Artificial induction of immunity
Immunity against infectious disease is usually a good thing. Since Louis Pasteur provided support for a germ theory of infectious disease the theory of inducing immunity to disease without suffering the disease has been evolving. With recent understanding of the molecular basis of immunity the practice should advance further in the near future.
This is a historical overview and introductory article to a collection of detailed articles on the main topics.
Variolation and smallpox
The earliest recorded artificial induction of immunity in humans was with variolation or inoculation as practiced from ancient times in China and India, and imported into Europe via Turkey around 1720 by Lady Montagu and perhaps others. From England, and also by other accounts from an African involuntary immigrant to Boston the technique spread rapidly to the Colonies.
Variolation had the disadvantage that the agent used was in fact smallpox, albeit the selected less lethal form (Variola Minor) and that the disease could either kill the inoculee or spread in its full form to others nearby. Nevertheless it was a convincing improvement over waiting to catch smallpox when 20% of the population had been dying of it.
In 1796 Jenner, a doctor and scientist (or natural philosopher as it was then) who had observed cowpox and conducted variolation over a considerable period acted on the folk-knowledge that cowpox infection conferred immunity to smallpox, and the observation that cowpox was never a fatal ailment.
He induced cowpox infection using material from a lesion on one patient, in another person, and then demonstrated that the latter was immune to Variola by variolating him. This had been demonstrated some years earlier by Benjamin Jesty, who had not however followed up by describing and generalising the process or by making arrangements to propagate cowpox.
Jenner was an empiricist, as were most members of the Royal Society at that time. The theory to support further advances arrived a while later.
Pasteur perfected the experiments demonstrating that spontaneous generation was not true, and derived a germ theory of (infectious) disease from them. This provided a theoretical basis to proceed, and Pasteur isolated infectious agents from first anthrax and then rabies (the latter a crude preparation) and altered them so as to make them harmless. He derived vaccines from them which immunised farm animals against anthrax and in a brave piece of rapid medicine development very probably saved the life of the first person immunised against rabies - who had been bitten by a clearly rabid dog and was expected to die.
Anthrax is bacterial and rabies viral and the microscopes around the time could reasonably be expected to show bacteria, but imaging of viruses had to wait for electron microscopes with their greater resolving power in the 20th century.
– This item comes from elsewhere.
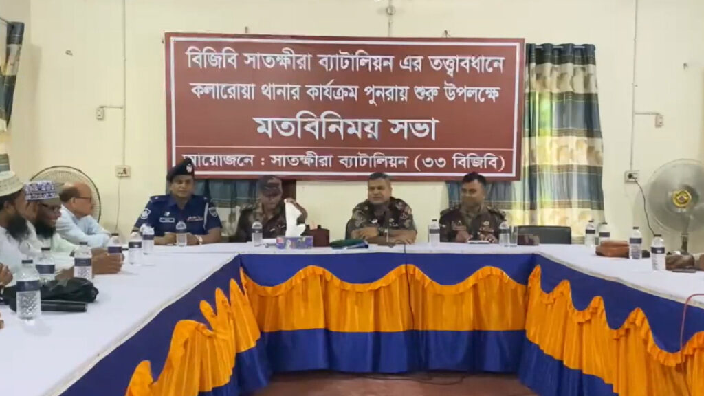 সেনাবাহিনী ও বিজিবি সহায়তায় সাতক্ষীরায় আটটি থানার মধ্যে চালু হয়েছে ছয়টি থানার কার্যক্রম। শনিবার (১০ আগস্ট) সকালে কলারোয়া থানা অডিটোরিয়ামে রাজনৈতিক দলের নেতৃবৃন্দ ও ছাত্র সমন্বয়কদের নিয়ে বৈঠক করেন সাতক্ষীরা ৩৩ বিজিবি অধিনায়ক লে. কর্নেল আশরাফ। এ সময় তিনি সকলের সহযোগিতা কামনা করেন। রাজনৈতিক নেতৃবৃন্দ ও সুধীজনরা থানাকে সুরক্ষিত রাখার প্রত্যয় ব্যক্ত করেন।

Some diseases such as tetanus, kill not by bacterial growth but by the production of a toxin. Heat treating the tetanus toxin denatured it enough to allow immunity to be developed without its toxic effect. Tetanus toxin is so lethal that humans are incapable of developing immunity to a natural infection, since the lethal dose is passed long before antibody production can rise to neutralise it. Tetanus toxoid injection however produced very good immunity.
See also Botulism
Simple molecules such as toxoids tended to produce a low response, and poor immune memory. Adding certain substances - e.g. adsorbing tetanus toxoid onto alum greatly enhanced the immune response. Various adjuvants have been used, and are also used for other purposes to do with studying the immune system.
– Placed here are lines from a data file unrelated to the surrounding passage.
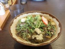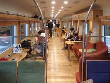 ▼立山で山菜ソバをいただき、電鉄のサロンカーで富山駅へ |
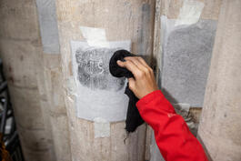 FRANCE. Paris. 10 September 2021. Notre-Dame de Paris. After having done a listing of 600 writings on walls of the cathedral, a team composed by Delphine Syvilay from LRMH and Santiago Hardy, a rope climber from Jarnias, they engrave the medieval inscriptions on a japanese paper with japanese ink. This technic is called "Taku-hon". This project has been done by LMRH and CNRS and is called: "Marques, traces et signes. Une autre lecture de Notre-Dame de Paris" under the GT Emotions patrimoniales. The location of these inscriptions is south east of the transept's crossing.
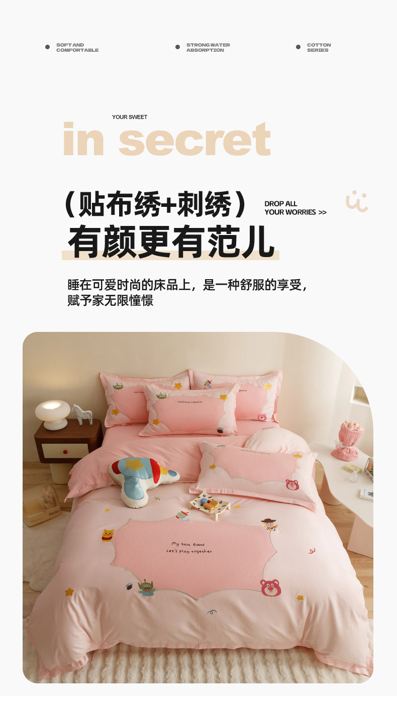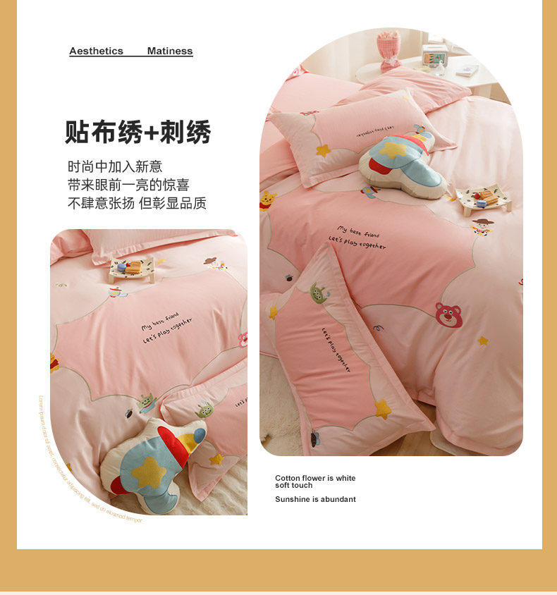 商品名称:欧冠家纺 2024新款全棉床笠绣花卡通刺绣四件套巴斯光年系列 巴斯光年-粉玉

A much later - contemporary - approach, is to conjugate the antigen eg a polysacharide from the capsule of the bacteria responsible for most lobar pneumonia with another molecule such as a toxoid, The combination triggers immune memory rather than just a humoral antibody response.
Temporarily induced immunity
See also immunoglobulin
Once the fraction of the blood which contained the immune molecules - the antibodies - was known, it could be isolated and given to people. The portion of immunity which is humoural - carried in the humours or body fluids, rather than cell-mediated, could be transferred thus. Within reason it need not be from a human, and horse tetanus anti-serum has saved many lives, although since anaphylactic shock is a possibility with a cross-species transfer of such proteins, it has also cost a few.
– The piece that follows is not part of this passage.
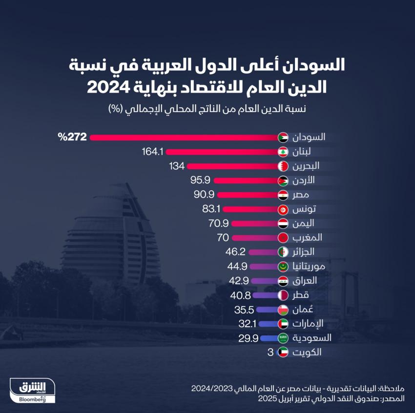 بحسب تقرير صندوق النقد، السودان هو الأعلى ديوناً بين الدول العربية، إذ بلغت نسبة الدين العام إلى الناتج المحلي 271.979% في عام 2024، ويُتوقع تراجعها إلى 251.98% هذا العام.
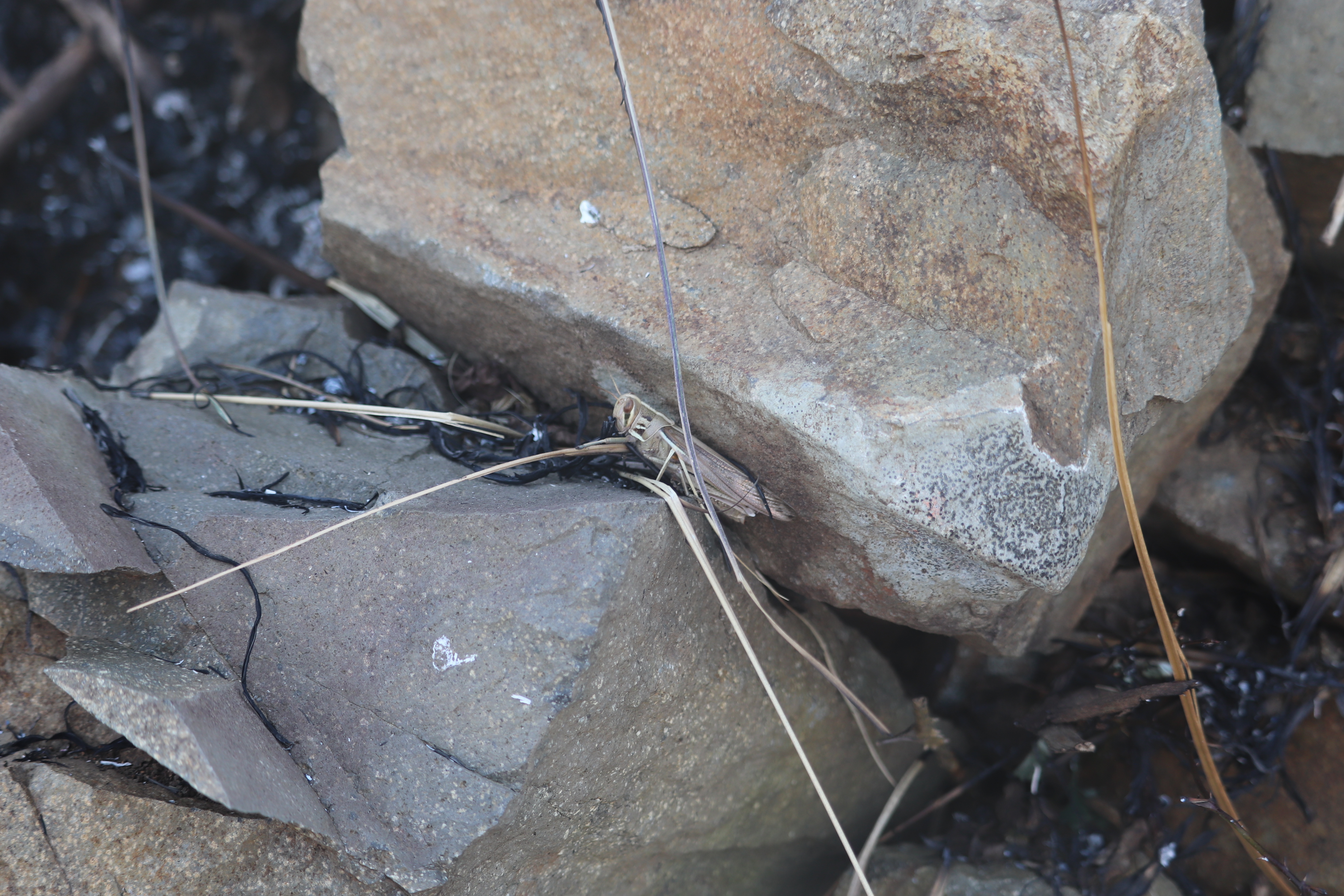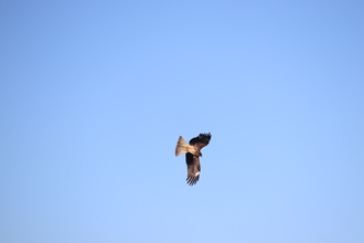 急降下しようとするトビ 避難したバッタ

Synthetic (recombinant or cell-clone) human immunoglobulins are now possible to produce and for several reasons including the risk of prion contamination of biological products are likely to become more used. They are not in industrial scale production in 2009. In the future it may be possible to design antibodies to fit an antigen, then produce them, and thus induce temporary immunity in people in advance of human exposure to a pathogen. At present the science to understand that is available, but not the technology to do so. Among other possible applications would be the the neutralisation of prions.